Best Science Fiction - Repo Virtual by Corey J White
Publisher – Tordotcom
Published - Out Now
Price – £6.39 kindle eBook
The city of Neo Songdo is a Russian doll of realities — augmented and virtual spaces anchored in the weight of the real. The smart city is designed to be read by machine vision while people see only the augmented facade of the corporate ideal. At night the stars are obscured by an intergalactic virtual war being waged by millions of players, while on the streets below people are forced to beg, steal, and hustle to survive.
Enter Julius Dax, online repoman and real-life thief. He's been hired for a special job: stealing an unknown object from a reclusive tech billionaire. But when he finds out he's stolen the first sentient AI, his payday gets a lot more complicated.
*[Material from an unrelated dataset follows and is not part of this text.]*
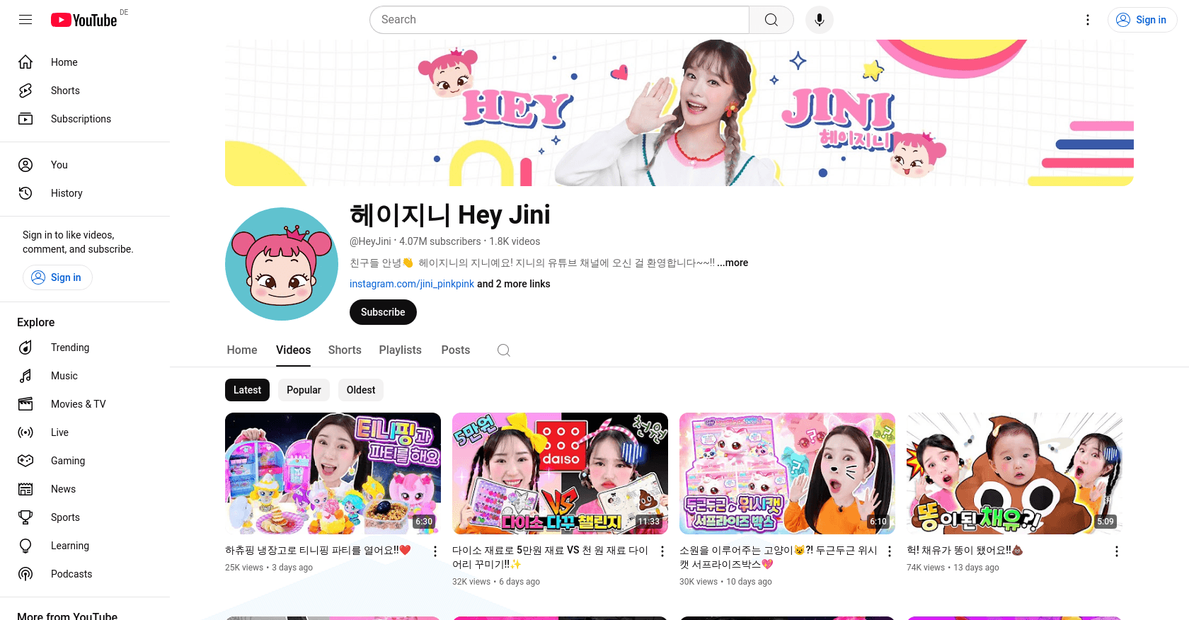Hey Jini is based in South Korea, where she continues to create engaging content for her YouTube channel.

Cyberpunk is very much a genre that seems to have a definitive style and sometimes very much captures a sense of a time of mirrorshades and ropey SFX. But is there still a place for it in the 21st century when the internet now feels more a way of life than a wild frontier. What can cyberpunk do for us now? Corey J White shows that there may be life in the old dog left in Repo Virtual.
The future is now dominated by Augmentd Reality that can overlay everything. In South Korea’s Neo Songdo the tattered city is hidden by a gleaning AR worldf; the night sky for many is a massive multiplayer video game starscape and in a shadowy powerful corporation a powerful project nears completion. JD works in VR as a Repo Man who retrieves property and spaceships when players can’t keep the bills up but their sibling Soo-hyun has a job for the cult that they are part of to infiltrate Zero Corporation and steal a brand-new technology. The heist initially goes to plan but soon Zero Corporation and deadly cultists are after JD and will stop at nothing and eventually the mysterious and deadly Enda is put on JD’s tail.
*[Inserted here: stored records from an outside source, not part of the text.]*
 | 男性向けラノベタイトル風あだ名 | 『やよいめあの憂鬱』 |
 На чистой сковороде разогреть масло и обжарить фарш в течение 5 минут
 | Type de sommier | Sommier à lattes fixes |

This is an extremely entertaining action-packed read. White has constructed a very intricate future world where the US has collapsed and still the world is filled with the rich and the poor. What I loved about the story is how White has taken the bones of a familiar cyberpunk story and it feels upgraded for 2020 with a diverse cast – JD is a gay lead character while Soo-hyun is their non-binary sibling and no one blinks an eye. That is the norm accepted by all and instead the focus is on the social inequalities that definitely still exist. We see a cult that is happy to exploit people for personal gain and should be surprised that a Corporation has created a game that has become a huge source of income distracting people from the world outside. White creates a beautifully scripted heist well planned, using new technology and old tricks to make the first half of the book really rattle along.
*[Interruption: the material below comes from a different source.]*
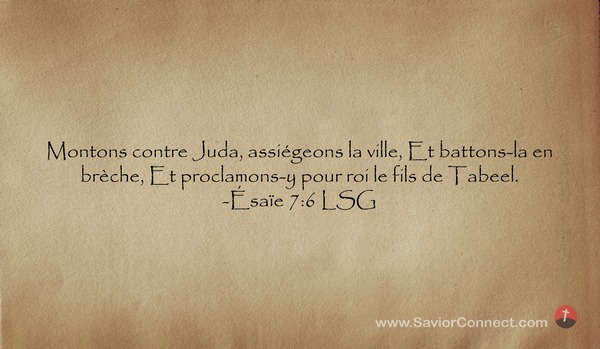 Montons contre Juda, assiégeons la ville, Et battons-la en brèche, Et proclamons-y pour roi le fils de Tabeel. -Ésaïe 7:6 LSG

Then the second half is more the chase as Enda is reluctantly recruited by Zero to pursue JD and his team. Here White introduces a new non-human character and now we explore what AI may mean for te future. I really liked the flow of this section and it raises some interesting moral questions about choice and even socialism. Enda was a fascinating character with a guilty past; a desire to do the right things and general awesomeness in either detection or fighting people.
But I have a caveat. While I think it’s both a very entertaining and enjoyable story I did wonder as I read it if this is simply a refreshed version of an older story. It’s heart and head are in the right place but is that not simply what I should expect a modern SF tale to be? What else is this story adding to the genre? I didn’t find anything stretching the genre more than it should be in the 2020s. It’;s a great solid piece of SF but in terms of do I think this wowed me and deserves best place. I’m not feeling it. Readers should pick this up if you enjoy good SF though.